Tag: M.W:200-300

50777-76-9, 2-(Diphenylphosphino)benzaldehyde is a chiral-phosphine-ligands compound, ?involved in a variety of chemical synthesis. Rlated chemical reaction is continuously updated

50777-76-9, General procedure: To a mixture of 2-(diphenylphosphino)benzaldehyde(500 mg, 1.72 mmol) and the appropriate amine(1.81 mmol) was added formic acid (1 drop) in MeOH(5 mL). The reaction was allowed to proceed at RT for18 h, at which point the iminophosphine pro-ligand was collected by suction filtration as a pale yellow precipitate. Spectroscopic NMR data were collected in CDCl3 as the pro-ligands decompose in wet DMSO-d6. The spectroscopically pure pro-ligands were used as prepared to make the corresponding platinum(II) complexes. (E)-N-(2-(Diphenylphosphino)benzylidene)-2-methoxyaniline(2) Yield: 449 mg (66percent); m.p.: 108?109 C.

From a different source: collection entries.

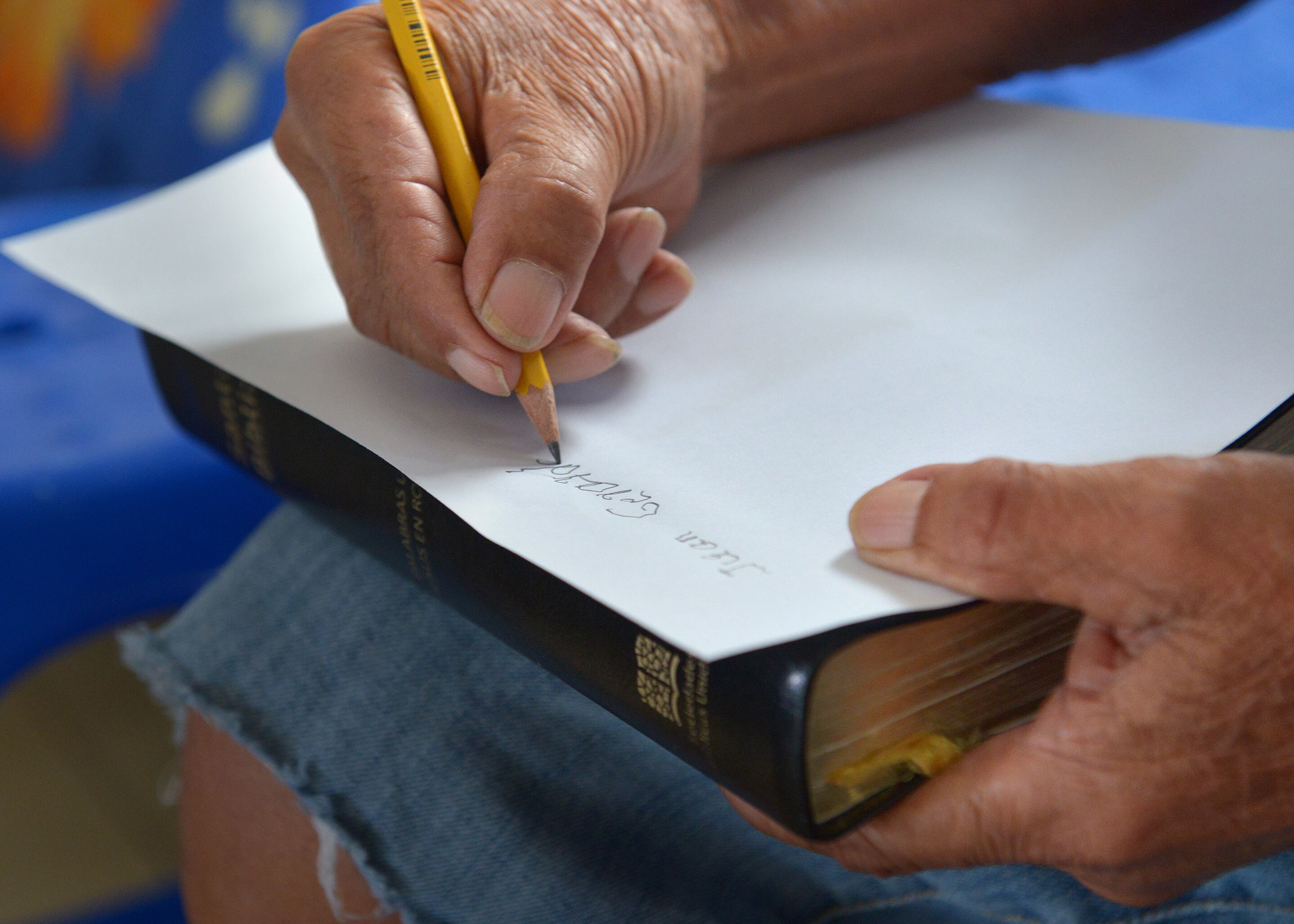 “Con la escritura empecé aprendiendo a escribir mi nombre y la palabra ‘mamá’ y ‘papá’, tengo una letra que da vergüenza. Saber leer y escribir me permite ahora saber si un bus va para Heredia o Pavas porque lo puedo leer. Ahora soy un hombre libre, si uno tiene que ir al banco, ya uno sabe lo que dice ese rótulo, no depende de alguien más; ahora, hasta me siento con capacidad para enseñarle a otra persona y hasta he tenido el atrevimiento de decir que quiero estudiar inglés”, dijo Sánchez riendo..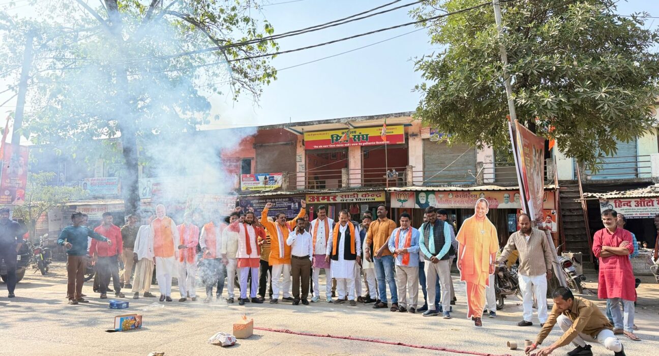 सिद्धार्थनगर जिला मुख्यालय स्थित भाजपा कार्यालय पर जिलाध्यक्ष भाजपा कन्हैया पासवान ने पार्टी नेताओं-पदाधिकारियों के साथ पटाखा जलाकर एक दूसरे को मिठाई खिलाकर जीत का जश्न मनाया
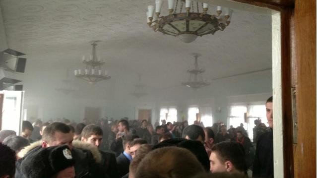 "Наших людей, ни депутатов, ни активистов, не пускают в зал. Милиция фактически бездействует, только оцепила наших нардепов, фактически заблокировав нас в углу зала…. Со стороны регионалов было использовано какое-то химическое вещество, весь зал в дыму, опять драка", - отметил Аронец.
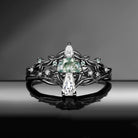 Bark Textured Half Moon Moss Agate & Coffin Moissanite 'Tree of Life' Leafy Mushroom Engagement Ring Set 2pcs Garden of Eden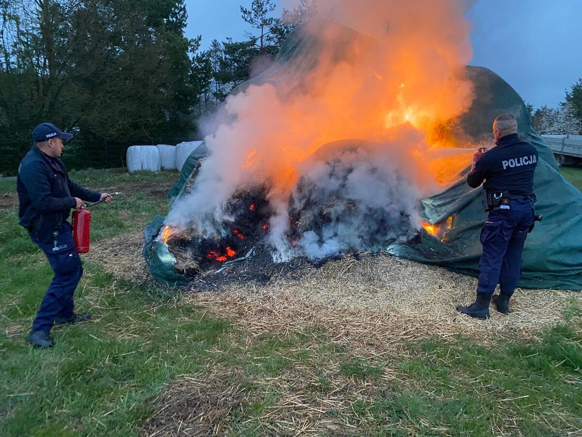 30-latek podpalił siano składowane na posesji swoich rodziców. Jego czyn miał być zemstą za to, że nie chcieli go wpuścić do domu, bo był nietrzeźwy. Pierwsze czynności przy opanowaniu ognia, podjęli policjanci.

As the paragraph descriping shows that 50777-76-9 is playing an increasingly important role.

Reference£º
Article; St-Coeur, Patrick-Denis; Adams, Meghan E.; Kenny, Bryanna J.; Stack, Darcie L.; Vogels, Christopher M.; Masuda, Jason D.; Morin, Pier Jr.; Westcott, Stephen A.; Transition Metal Chemistry; vol. 42; 8; (2017); p. 693 – 701;,
Phosphine ligand
Chiral phosphine ligands in asymmetric synthesis. Molecular structure and absolute configuration of (1,5-cyclooctadiene)-(2S,3S)-2,3-bis(diphenylphosphino)butanerhodium(I) perchlorate tetrahydrofuran solvate

6372-42-5, Cyclohexyldiphenylphosphine is a chiral-phosphine-ligands compound, ?involved in a variety of chemical synthesis. Rlated chemical reaction is continuously updated,6372-42-5

General procedure: A 20mL scintillation vial was charged with 1equiv of NCr(NiPr2)2I (1) [42], 110 acetonitrile (3mL), and a Teflon-coated stir bar. This mixture was stirred at room temperature giving a dark red-orange solution. Separately, a solution of 111 AgSbF6 (1equiv) was prepared in acetonitrile (1-2mL). The AgSbF6 solution was then added dropwise to the stirred solution of 1. Upon addition, copious amounts of off-white precipitate formed, and the solution became dark brown. The resultant mixture was stirred for 20min after complete addition of the Ag solution. The mixture was then filtered over Celite to remove the precipitate. The dark brown solution of 2 collected was once again stirred at room temperature and a solution of PR3 (1-2equiv) in acetonitrile (1-2mL) was added. (1equiv of the phosphine was used if it was a solid or high-boiling liquid phosphine that is difficult to remove by recrystallization. 2equiv of phosphine were used if PR3 is a low-boiling liquid easily removed in vacuo.) Upon addition of PR3, the solution quickly became yellow-orange. The reaction solution was stirred for 1h at room temperature. The volatiles were then removed in vacuo to give a dark residue. This residue was rinsed with small aliquots of cold Et2O (3¡Á1mL) to remove any unreacted 1. The residue was once more dried in vacuo. The residue was dissolved in a minimal amount of CH2Cl2 or CHCl3 and layered with Et2O or pentane. The layered solution was then stored overnight at -35C to yield yellow-orange X-ray quality crystals.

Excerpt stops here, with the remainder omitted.